For true prophets, the Didache establishes a high place of honor: "Every genuine prophet who is willing to settle among you is entitled to his support. Likewise, every genuine teacher is, like a laborer, entitled to his support. Therefore, take all first fruits of vintage and harvest, of cattle and sheep, and give these first fruits to the prophets; for they are your high priests."
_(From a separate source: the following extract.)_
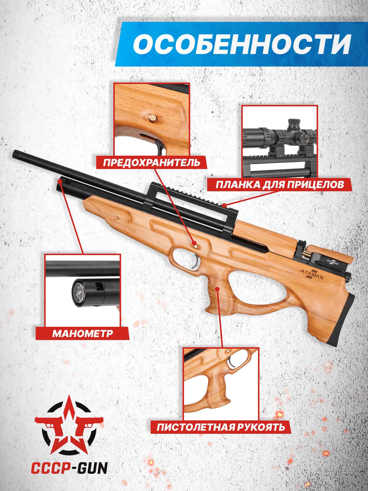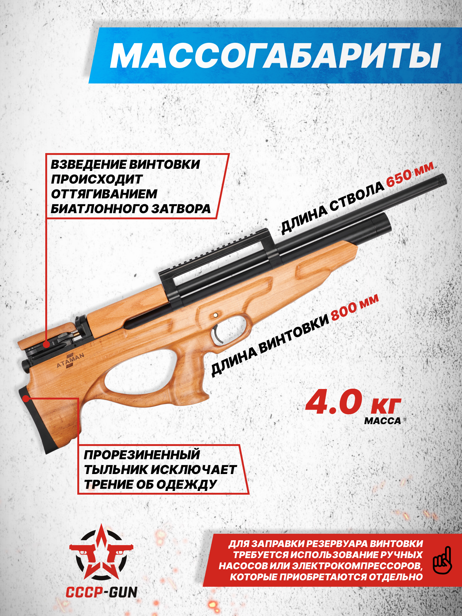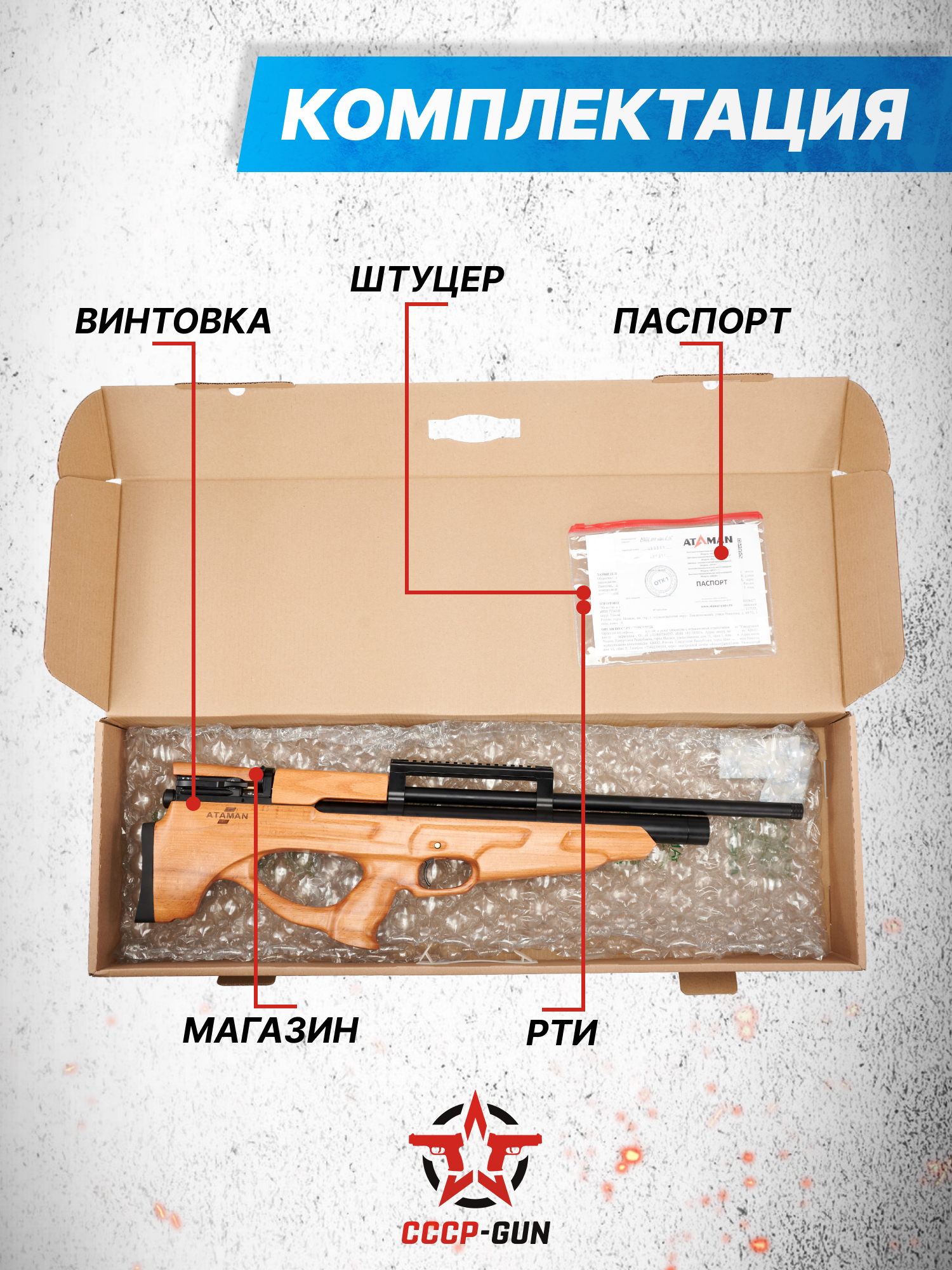 Производитель выпускает пневматику, которая штатно ограничивается 3 Дж дульной энергии для свободной покупки изделий на территории России. Это означает, что начинающим стрелкам для приобретения винтовки не потребуется обращаться в органы Росгвардии за оружейной лицензией. Также инженеры Ataman продумали опцию безопасного использования экземпляра и встроили над спусковым крючком кнопку предохранителя.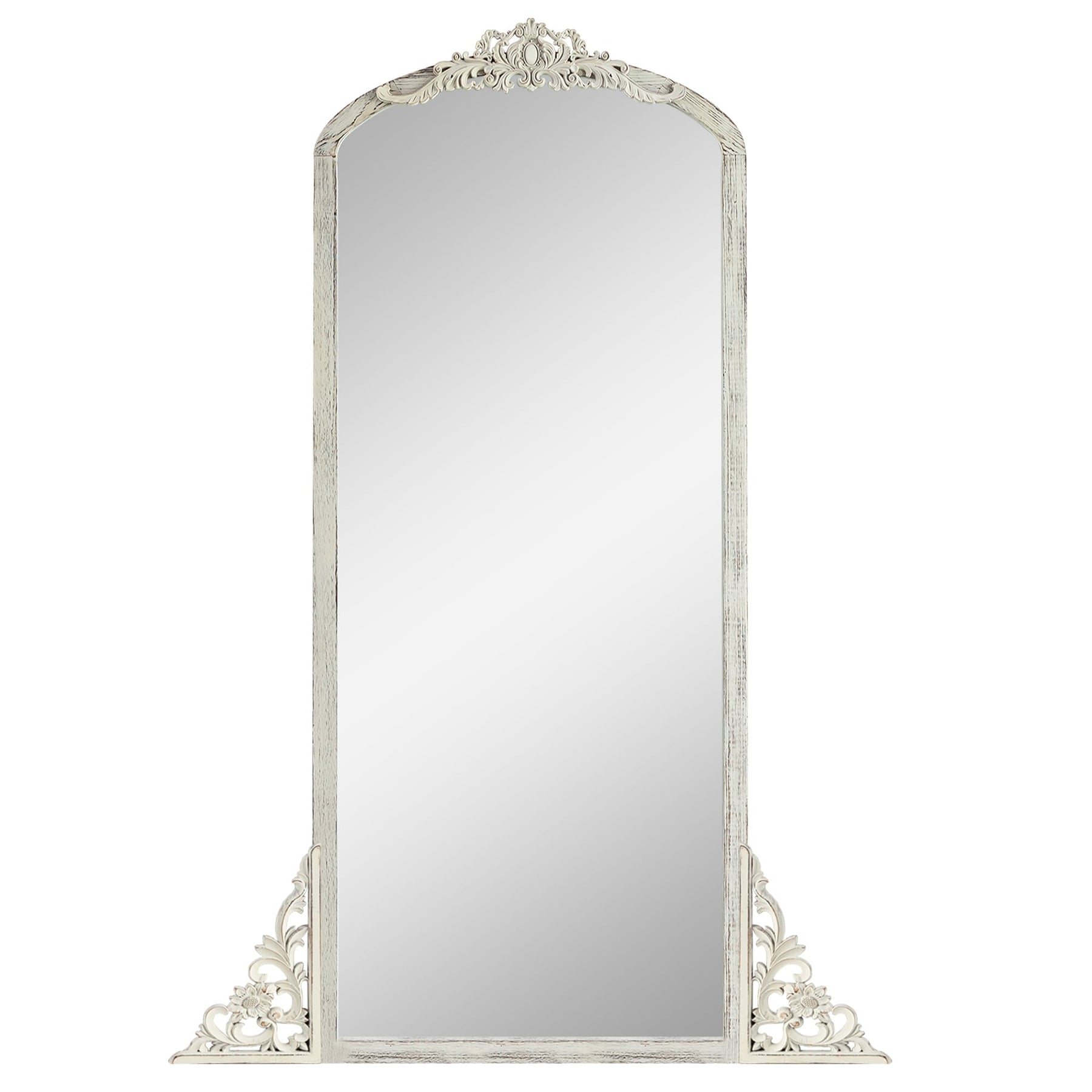Elevate your room's ambiance with the timeless elegance of this solid wood floor mirror. The arched silhouette and intricate windowpane design create a vintage-inspired optical illusion that enhances your space and adds distinctive character to any decor.

In discerning who should be in leadership in the Church, the Didache teaches, "elect for yourselves bishops and deacons, men who are an honor to the Lord, of gentle disposition, not attached to money, honest and well-tried; for they, too, render you the sacred service of the prophets and teachers."

Near the end of the text is a warning and a retelling of our blessed hope, "For in the last days the false prophets and corrupters will come in swarms; the sheep will turn into wolves, and love will turn to hate. When lawlessness is on the increase, men will hate and persecute and betray one another; and the Deceiver of this world will appear, claiming to be the Son of God, and give striking exhibitions of power; the earth will be given over into his hands, and he will perpetrate outrages such as have never taken place since the world began. Then humankind will undergo the fiery test, and many will lose their faith and perish; but those who stand firm in their faith will be saved by none other than the Accursed. And then the proofs of the truth will appear; the first proof, an opening of the heavens; the next proof, the sounding of the trumpet; and the third, the resurrection of the dead - not all indeed, but in accordance with the saying: The Lord will come and all the saints with Him. Finally, the world will behold the Lord riding the clouds in the sky."

May we heed this warning and stand firm even in the midst of false prophets and wolves.